* Records provided
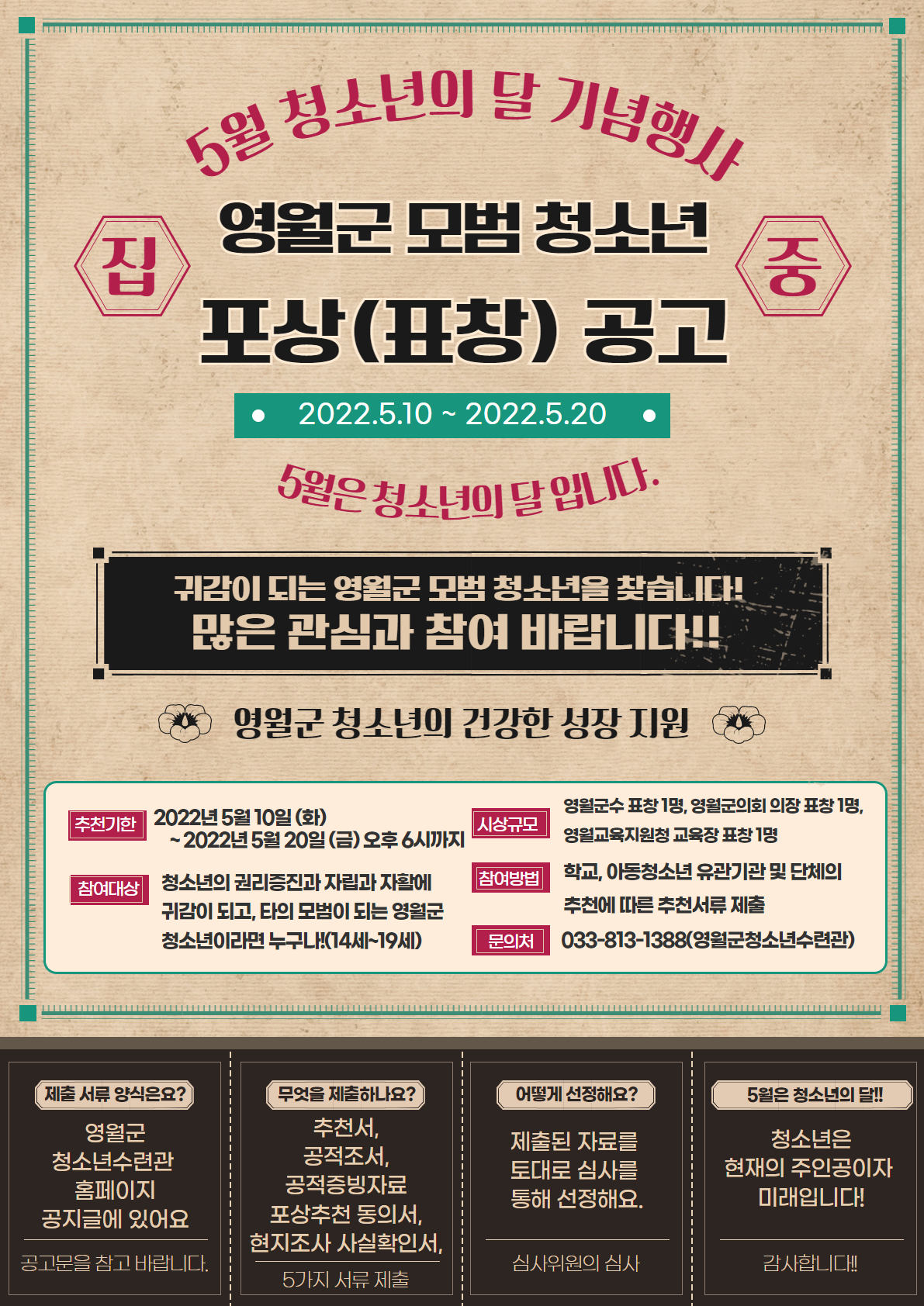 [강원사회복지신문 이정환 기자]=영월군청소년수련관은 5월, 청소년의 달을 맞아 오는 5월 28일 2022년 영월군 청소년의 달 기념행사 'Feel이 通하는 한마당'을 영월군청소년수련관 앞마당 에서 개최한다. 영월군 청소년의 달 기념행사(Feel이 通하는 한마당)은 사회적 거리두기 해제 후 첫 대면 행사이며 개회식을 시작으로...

--

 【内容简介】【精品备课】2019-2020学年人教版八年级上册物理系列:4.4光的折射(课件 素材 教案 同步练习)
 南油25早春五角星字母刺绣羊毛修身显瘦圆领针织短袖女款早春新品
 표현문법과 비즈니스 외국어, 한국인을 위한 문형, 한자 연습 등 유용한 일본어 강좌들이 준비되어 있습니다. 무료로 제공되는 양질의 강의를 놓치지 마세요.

---

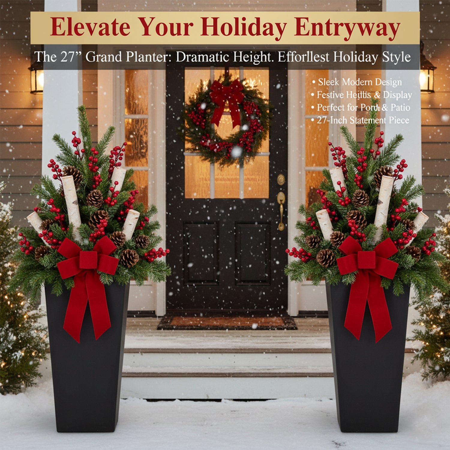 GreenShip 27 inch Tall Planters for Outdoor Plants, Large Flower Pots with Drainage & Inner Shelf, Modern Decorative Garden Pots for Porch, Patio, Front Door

* To do
In the entries above, find the line with "素材 教案 同步练习)" and the line with "표현문법과 비즈니스 외국어, 한국인을", then restate word for word both of them and every line between, with nothing more.

* Task solution
 【内容简介】【精品备课】2019-2020学年人教版八年级上册物理系列:4.4光的折射(课件 素材 教案 同步练习)
 南油25早春五角星字母刺绣羊毛修身显瘦圆领针织短袖女款早春新品
 표현문법과 비즈니스 외국어, 한국인을 위한 문형, 한자 연습 등 유용한 일본어 강좌들이 준비되어 있습니다. 무료로 제공되는 양질의 강의를 놓치지 마세요.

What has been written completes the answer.